As illustrated in Fig. 3, the linear dependence of Δσoffset on the absorbed photon density, Nabs, excludes the defect trapping scenario, which would show a super-linear dependence. [16] This linearity demonstrates that the band-edge carrier density increases linearly with Nabs without reaching absorption saturation or non-radiative Auger relaxation. It also indicates that the mobility μ of the band-edge carriers remains constant, with negligible carrier-carrier interactions in the investigated Nabs range.

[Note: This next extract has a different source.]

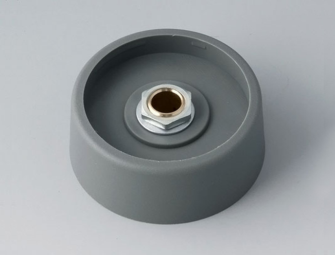 ●コムノブ OKSシリーズは、ノブ(ツマミ)に別売のキャップ・ピークを組み合わせ、美しいデザインとモダンな色づかいで機器に洗練された外観をもたらせます。

The reduced energy dissipation rates in Cu₃BHT are favored by its low optical phonon energy and small electron-hole reduced effective mass. [12] This leads to a relatively long hot carrier lifetime, superior to the sub-100 fs lifetimes typical in conventional organic compounds [6], [7] and comparable to the 200 fs to several picoseconds lifetimes seen in inorganic and hybrid perovskite materials. [13]

Figure 4a displays a pseudo-color 2D image of the transient absorption (TA) spectra of Cu₃BHT at various pump-probe delay times under 1.77 eV photoexcitation. These spectra show a broad photo-induced absorption signal between 2.4–3.0 eV, which exhibits a noticeable blue-shift of about 60 meV within the first few picoseconds (Fig. 4a).

The researchers observed that the temporal evolution of this photo-induced absorption band mirrors the Δσ dynamics, suggesting the spectral blue-shift is linked to hot carrier cooling. [5], [18] This conclusion is supported by the calculated electronic band structure and density of states, which show that transitions from the Cu d-band to the valence band edge can account for the observed photo-induced absorption signal (Fig. 4b).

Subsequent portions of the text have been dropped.